The worst type of allergic reaction to anesthesia results in death from low blood pressure and impaired breathing, the state added.
"Such effects are irrelevant in the context of an execution because they would occur after the inmate loses consciousness and because the intent is to bring about a rapid death," according to Mark Dershwitz, a University of Massachusetts professor and physician, told the state in an e-mail submitted as part of the state's filing.
Durr had dental surgery in 2004 and a hernia operation in 2007. Durr could have known about the allergy as long ago as 2004 and appeared to know in 2007, Frost said in describing why Durr waited too long to raise the issue.
Durr's lawyers on Friday defended their reliance on information that came mainly from Durr's own recollections of what medical personnel had told him.
"It seems unlikely that a person about to have a surgery would make up information," Durr's attorneys wrote in a court motion Friday.

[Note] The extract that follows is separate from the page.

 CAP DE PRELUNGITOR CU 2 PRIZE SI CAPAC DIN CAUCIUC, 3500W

They argue they need time to collect more information about Durr's medical history.
The state used two separate examinations of Durr's medical records to make its argument opposing the request.
The first was a one-page form referring to an apparent medical procedure in April 2007 that was not part of the records Durr submitted to the court.

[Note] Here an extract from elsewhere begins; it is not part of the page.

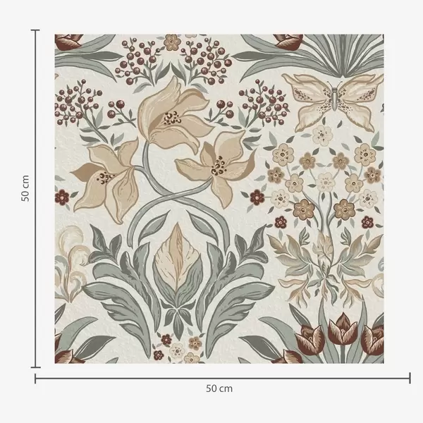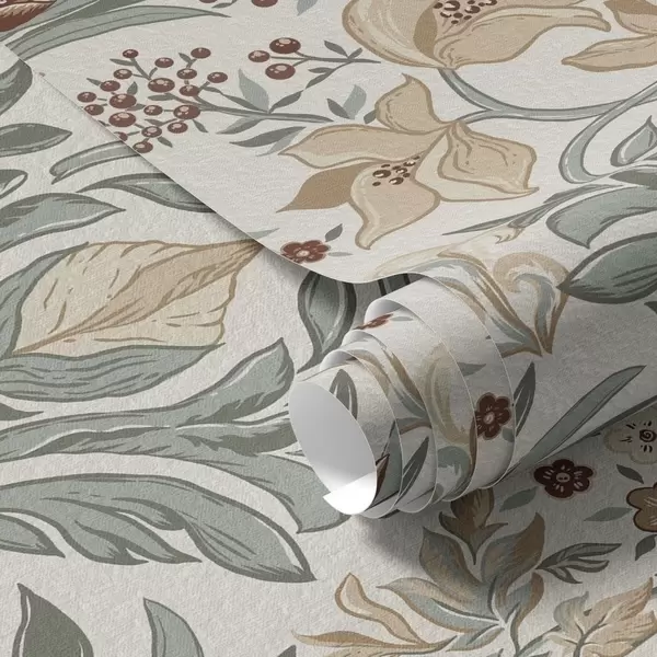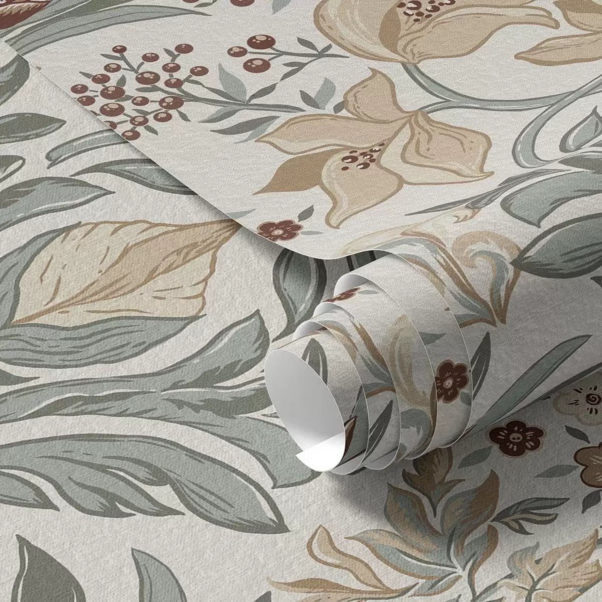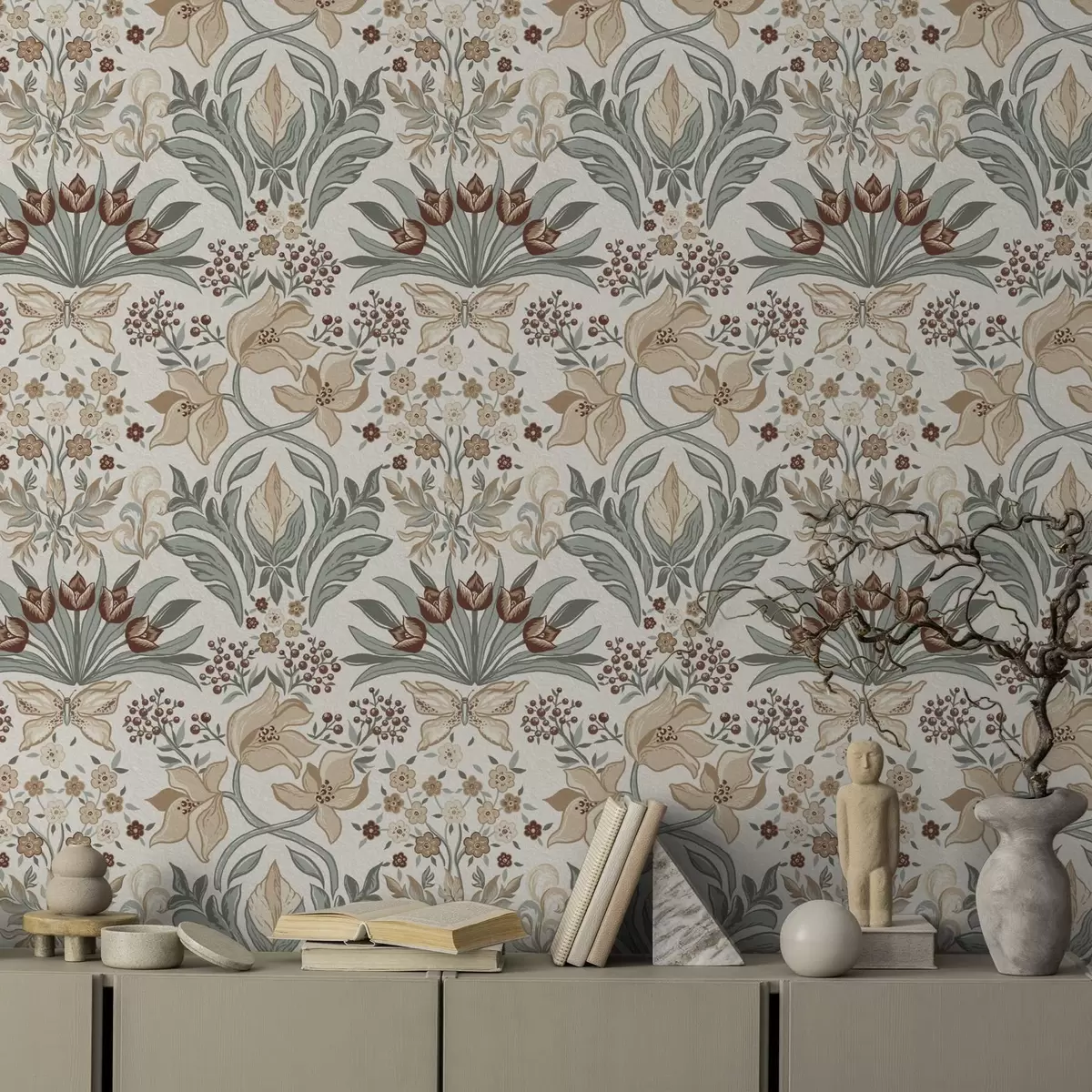 Papel de parede Lírios decorativos e uma borboleta sobre um fundo creme Nr. a00500

That form indicates Durr has no allergies, and that he received hydromorphone, the painkiller prescribed for Ohio's backup execution method.
The state also says medical records submitted by Durr show he received hydromorphone in June 2004 with no problems.
Durr submitted the records Thursday and they were filed under seal Friday by order of Frost to prevent the viewing of personal information.

Also Friday, a federal judge refused to stop the execution based on Durr's request for more DNA testing but referred the issue to a federal appeals court.
U.S. District Court Judge George Smith rejected Durr's claim that the state is violating his constitutional rights by refusing to test for DNA on a necklace found on the victim that Durr says could implicate another suspect.
Experts have testified there would be no DNA on the necklace that Angel Vincent was wearing when her decomposed body was found.
Officials also couldn't guarantee the necklace had been preserved properly as evidence, ruining the chance of obtaining any results that could be used in court. DNA testing of other biological evidence preserved from Vincent's body that was done last year at Durr's request found no DNA other than Vincent's.